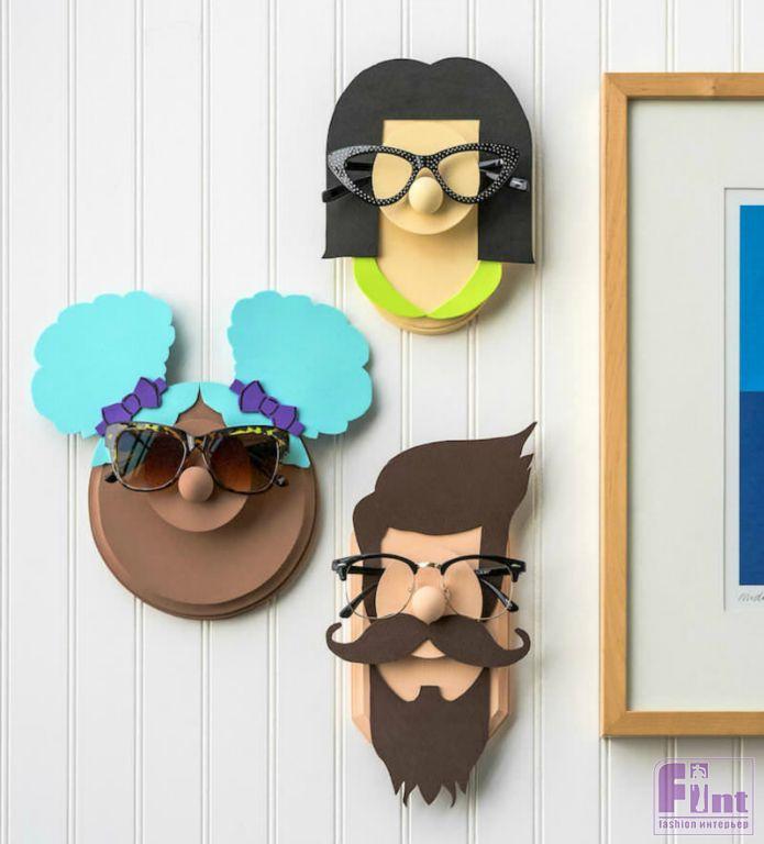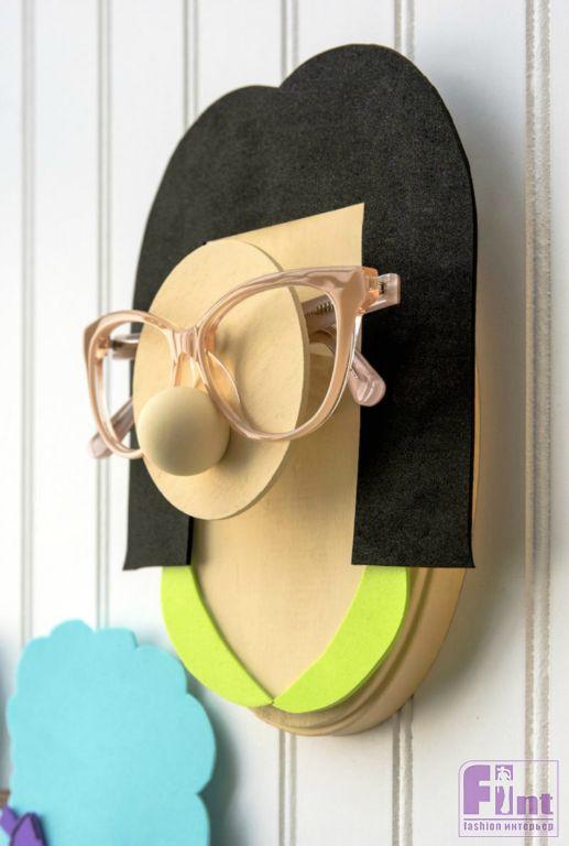 У каждого, кто носит очки, наверняка хранится в доме несколько пар этого модного аксессуара. Обычно очки свалены в ящиках комодов и шкафов, или пылятся на полках. Но можно хранить очки не только привычным способом, а сделать своими руками забавный настенный держатель для очков, который станет не только полезным аксессуаром, но и стильным украшением ваших стен. Тем более, что сделать его не составит особого труда, да и затраты на его изготовление будут весьма невелики. Кроме этого, вы можете видоизменить внешность наших забавных лиц по своему усмотрению: изменить цвет «кожи», «волос», «одежды» и других компонентов, которые формируют смешные лица на держателях.
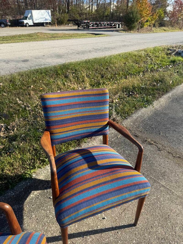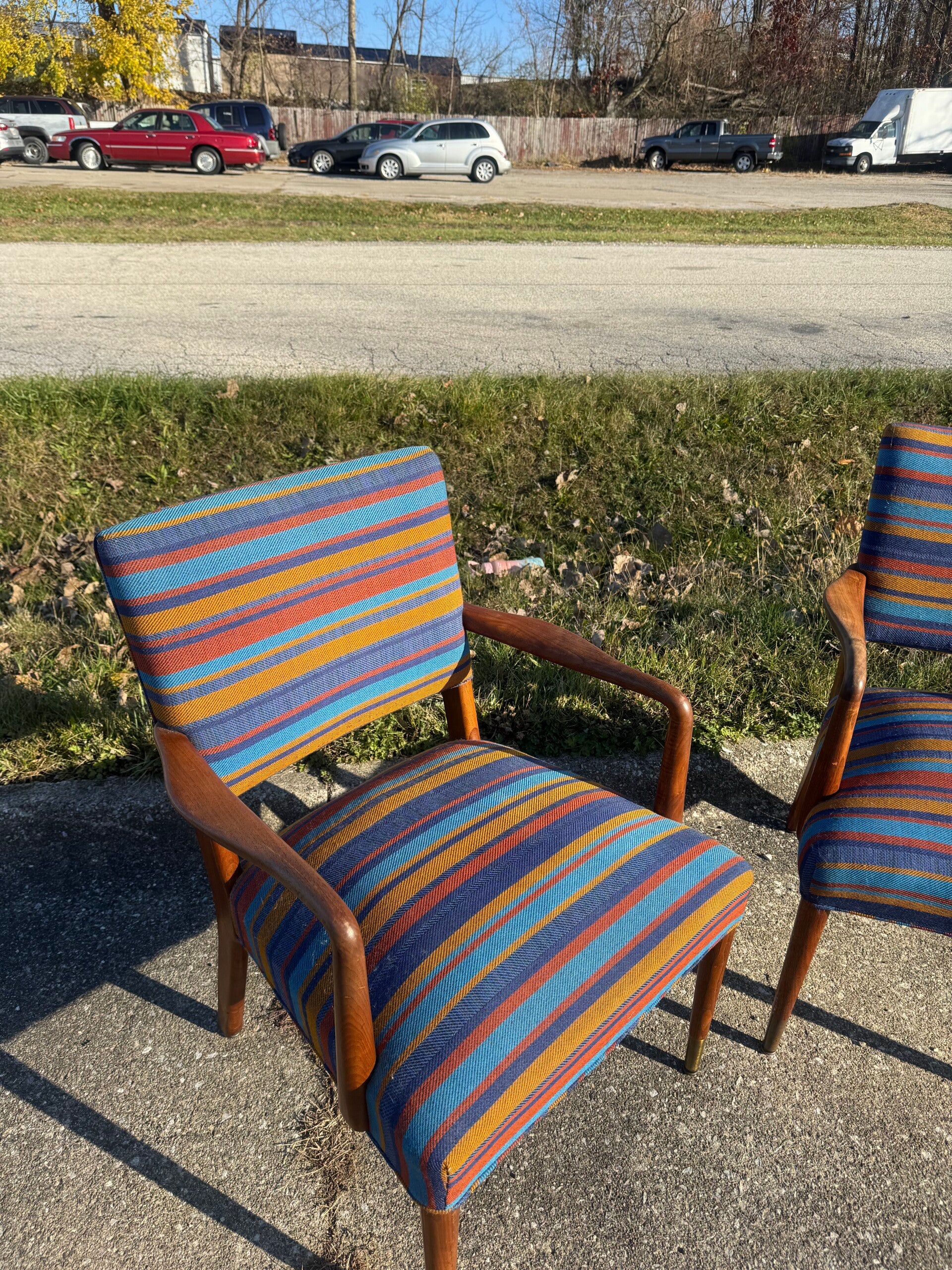 A fun and stylish pair of mid-century modern accent chairs featuring vibrant striped upholstery and beautifully sculpted wooden frames. These chairs bring personality, comfort, and classic MCM charm to any room. Structurally sturdy and comfortable. Upholstery shows light wear consistent with age — usable as-is or an excellent reupholstery candidate for a custom designer look. These chairs are a great way to add a pop of color and mid-century flair to your home. Versatile enough to style separately or together for a cohesive aesthetic.
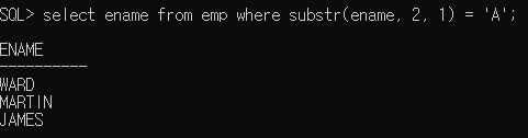 - select ename from emp where substr(ename, 2, 1) = 'A';
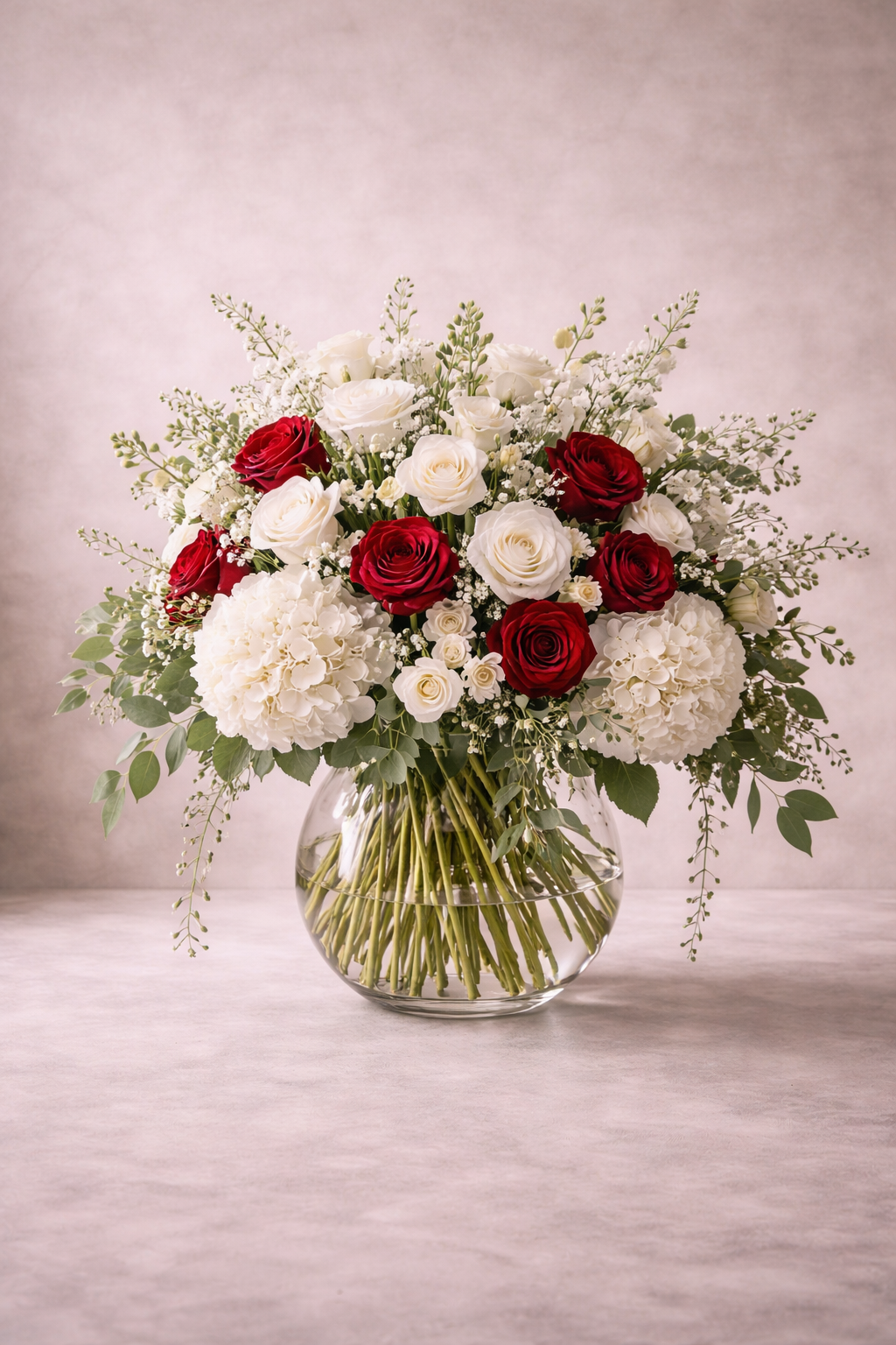 architectural ivory composition designed for refined interiors and formal occasions. White roses, hydrangea, lisianthus, stock, and seasonal textural greens rise in a structured yet fluid silhouette inside a clear glass cylinder vase. Clean. Polished. Timeless.
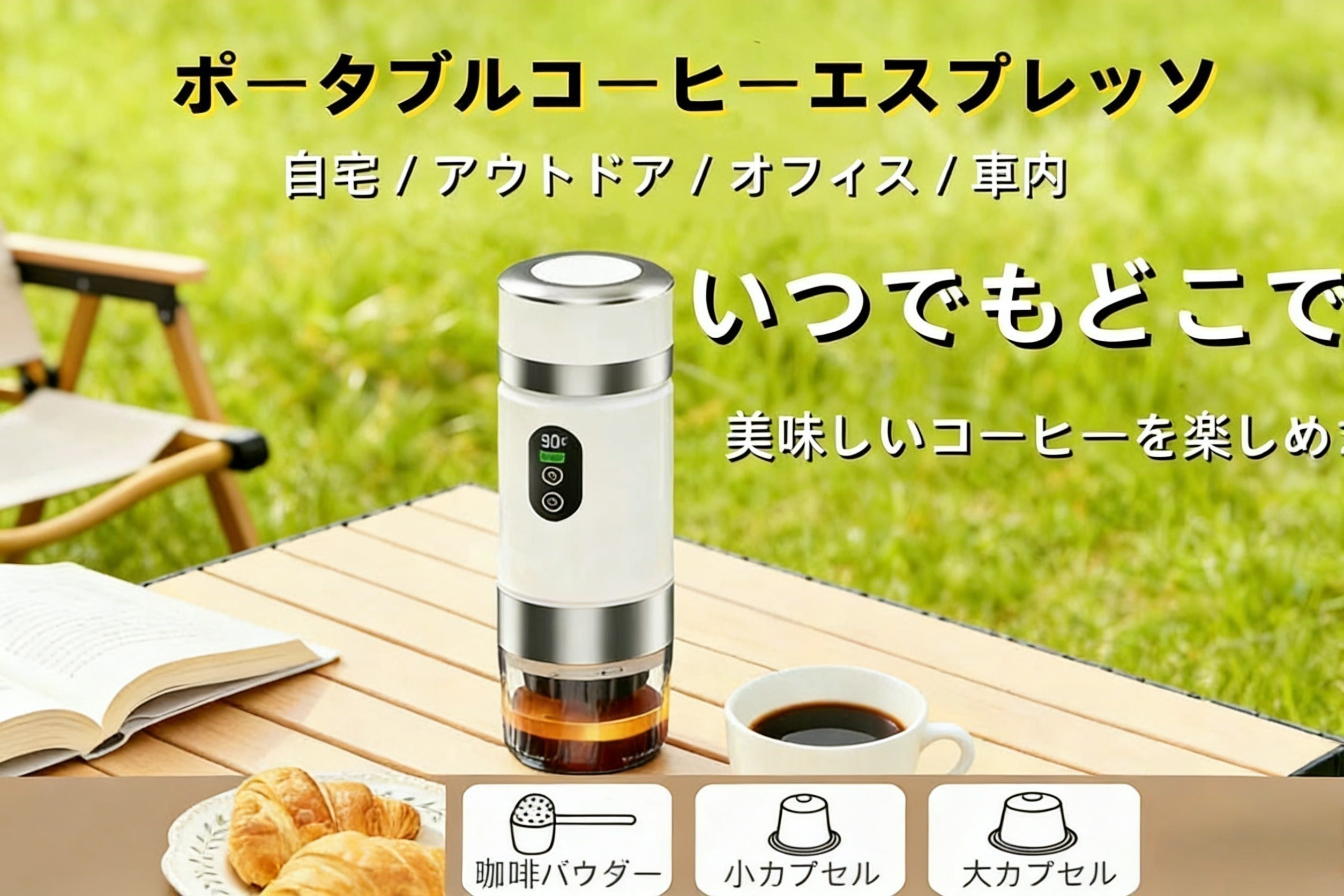 今回紹介させて頂く「ポータブルエスプレッソ」は、旅行、車内、散歩時、社内でも休憩時に、手軽に新鮮な香りとテイストの淹れたてコーヒーが楽しめます。ワンタッチ全自動淹れたて持ち運び可能です。手軽にコーヒーを楽しんで一息ついていただけると嬉しいです。
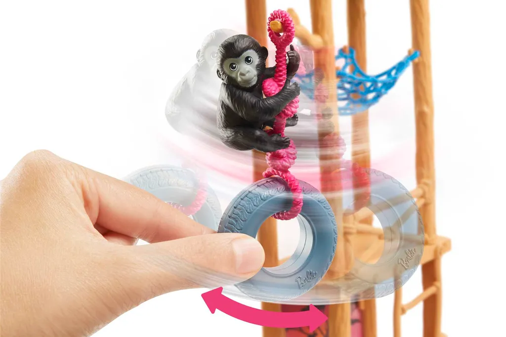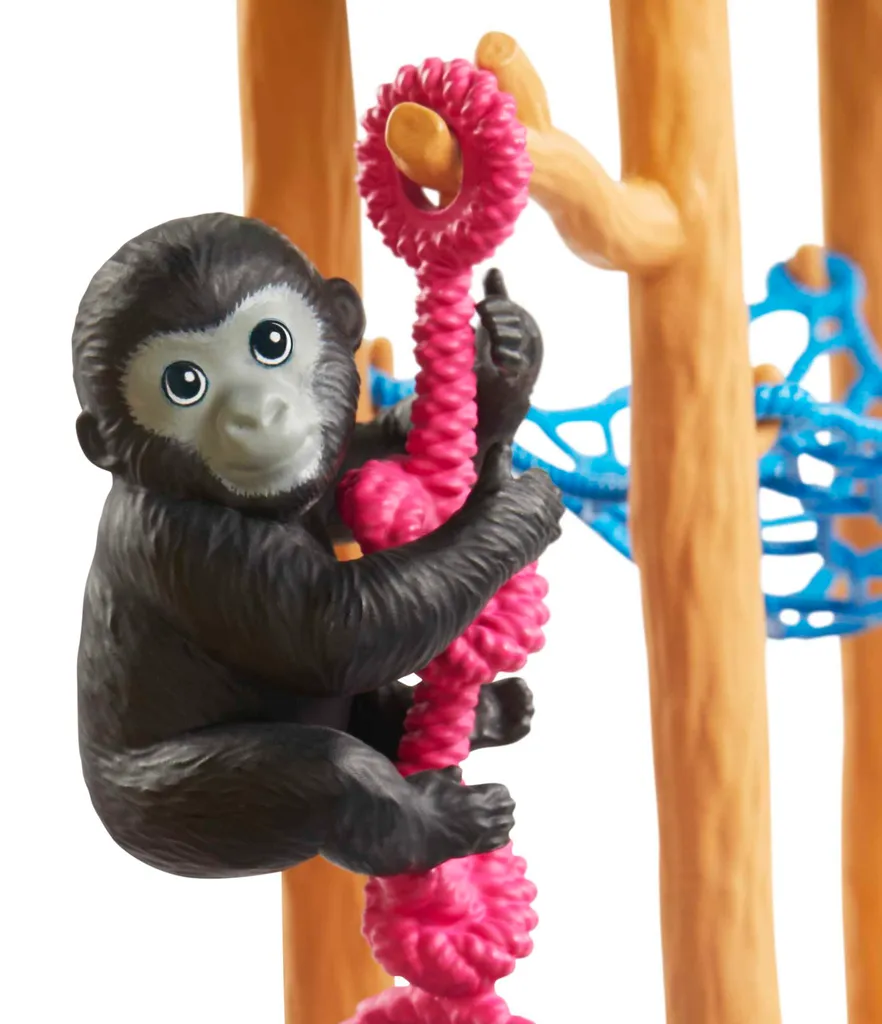 Mit dem Ken Wildtierarzt-Spielset tauchen Kinder in die Welt der Tierpflege ein! Wer es liebt, sich um wilde Tiere zu kümmern, für den ist Wildtierarzt der richtige Beruf! Dieses Spielset enthält Wildtierarzt-Zubehör sowie eine Ken Wildtierarzt-Puppe und niedlichen Patienten: ein Gepardenbaby und ein Äffchen! Wildtierärzte sind freundlich und klug und kümmern sich um wilde Tiere, damit sie glücklich und gesund bleiben. Dieses Spielset enthält eine Pflegestation mit einem Reifen, auf dem das Äffchen schaukeln kann, eine Mini-Hängematte, einen Tisch und einen abgegrenzten Bereich. Die Ken Wildtierarzt-Puppe trägt ein hellgrünes Hemd und khakifarbene Shorts und hat ein Stethoskop, eine Fütterungsflasche und weiteres Pflegezubehör dabei. Kinder werden es lieben, sich immer wieder neue Geschichten auszudenken! Die Puppe kann nicht von allein stehen. Abweichungen in Farbe und Gestaltung vorbehalten. Ab 3 Jahren.
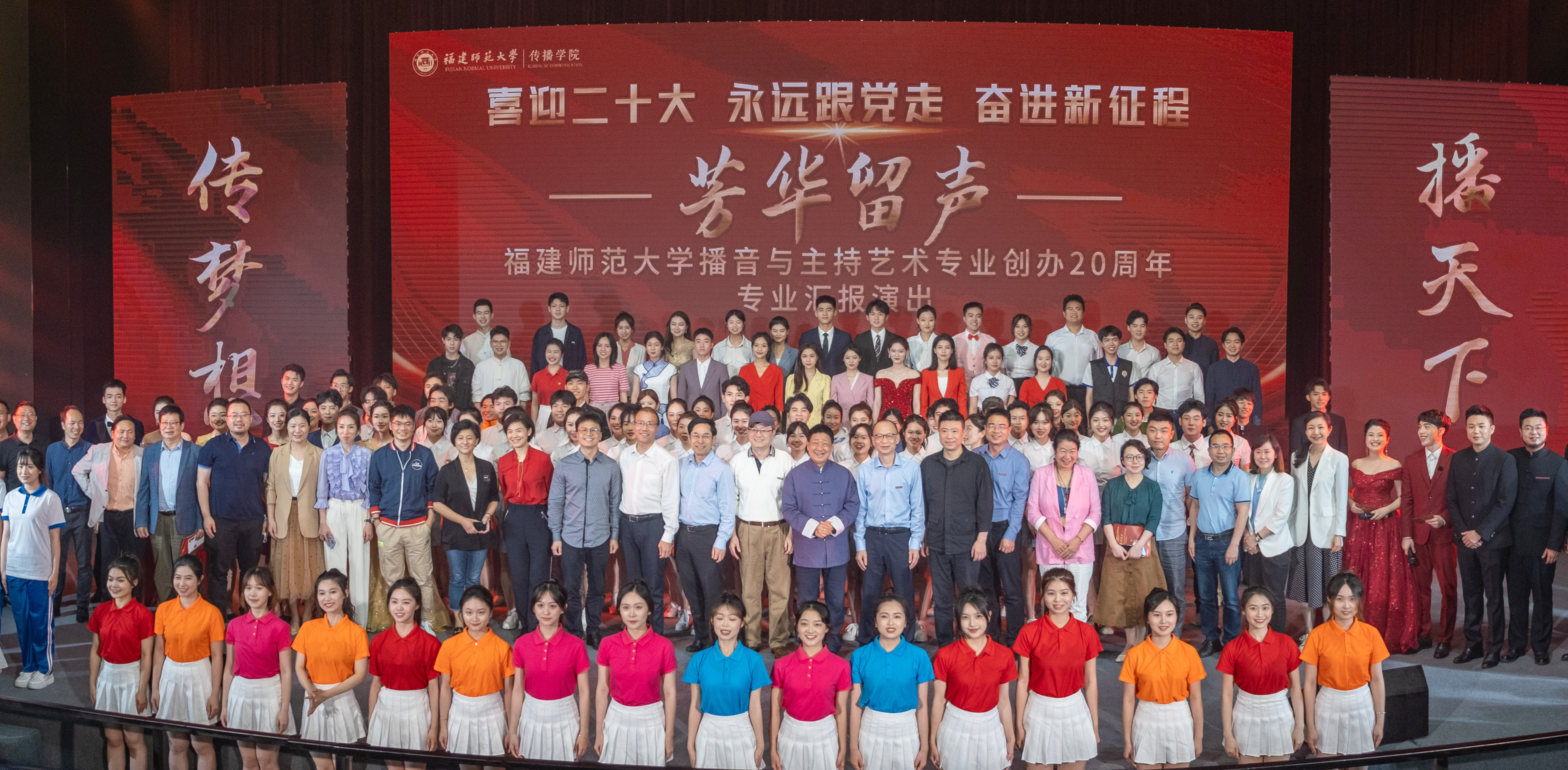 当晚,在旗山校区星雨剧场举办了“芳华留声·喜迎二十大 永远跟党走 奋进新征程”专业汇报演出。校党委副书记陈晓红,福建省艺术职业学院原院长、荣耀体育(中国)播音与主持艺术专业创办人张锦华,学校有关职能部门、传播学院负责人,校友、企业负责人代表和师生代表共300余人到场观看。

PROBLEM: Reproduce the whole listing exactly, but not the images in it.

RESULT FOR THIS EXERCISE:
 У каждого, кто носит очки, наверняка хранится в доме несколько пар этого модного аксессуара. Обычно очки свалены в ящиках комодов и шкафов, или пылятся на полках. Но можно хранить очки не только привычным способом, а сделать своими руками забавный настенный держатель для очков, который станет не только полезным аксессуаром, но и стильным украшением ваших стен. Тем более, что сделать его не составит особого труда, да и затраты на его изготовление будут весьма невелики. Кроме этого, вы можете видоизменить внешность наших забавных лиц по своему усмотрению: изменить цвет «кожи», «волос», «одежды» и других компонентов, которые формируют смешные лица на держателях.
 A fun and stylish pair of mid-century modern accent chairs featuring vibrant striped upholstery and beautifully sculpted wooden frames. These chairs bring personality, comfort, and classic MCM charm to any room. Structurally sturdy and comfortable. Upholstery shows light wear consistent with age — usable as-is or an excellent reupholstery candidate for a custom designer look. These chairs are a great way to add a pop of color and mid-century flair to your home. Versatile enough to style separately or together for a cohesive aesthetic.
 - select ename from emp where substr(ename, 2, 1) = 'A';
 architectural ivory composition designed for refined interiors and formal occasions. White roses, hydrangea, lisianthus, stock, and seasonal textural greens rise in a structured yet fluid silhouette inside a clear glass cylinder vase. Clean. Polished. Timeless.
 今回紹介させて頂く「ポータブルエスプレッソ」は、旅行、車内、散歩時、社内でも休憩時に、手軽に新鮮な香りとテイストの淹れたてコーヒーが楽しめます。ワンタッチ全自動淹れたて持ち運び可能です。手軽にコーヒーを楽しんで一息ついていただけると嬉しいです。
 Mit dem Ken Wildtierarzt-Spielset tauchen Kinder in die Welt der Tierpflege ein! Wer es liebt, sich um wilde Tiere zu kümmern, für den ist Wildtierarzt der richtige Beruf! Dieses Spielset enthält Wildtierarzt-Zubehör sowie eine Ken Wildtierarzt-Puppe und niedlichen Patienten: ein Gepardenbaby und ein Äffchen! Wildtierärzte sind freundlich und klug und kümmern sich um wilde Tiere, damit sie glücklich und gesund bleiben. Dieses Spielset enthält eine Pflegestation mit einem Reifen, auf dem das Äffchen schaukeln kann, eine Mini-Hängematte, einen Tisch und einen abgegrenzten Bereich. Die Ken Wildtierarzt-Puppe trägt ein hellgrünes Hemd und khakifarbene Shorts und hat ein Stethoskop, eine Fütterungsflasche und weiteres Pflegezubehör dabei. Kinder werden es lieben, sich immer wieder neue Geschichten auszudenken! Die Puppe kann nicht von allein stehen. Abweichungen in Farbe und Gestaltung vorbehalten. Ab 3 Jahren.
 当晚,在旗山校区星雨剧场举办了“芳华留声·喜迎二十大 永远跟党走 奋进新征程”专业汇报演出。校党委副书记陈晓红,福建省艺术职业学院原院长、荣耀体育(中国)播音与主持艺术专业创办人张锦华,学校有关职能部门、传播学院负责人,校友、企业负责人代表和师生代表共300余人到场观看。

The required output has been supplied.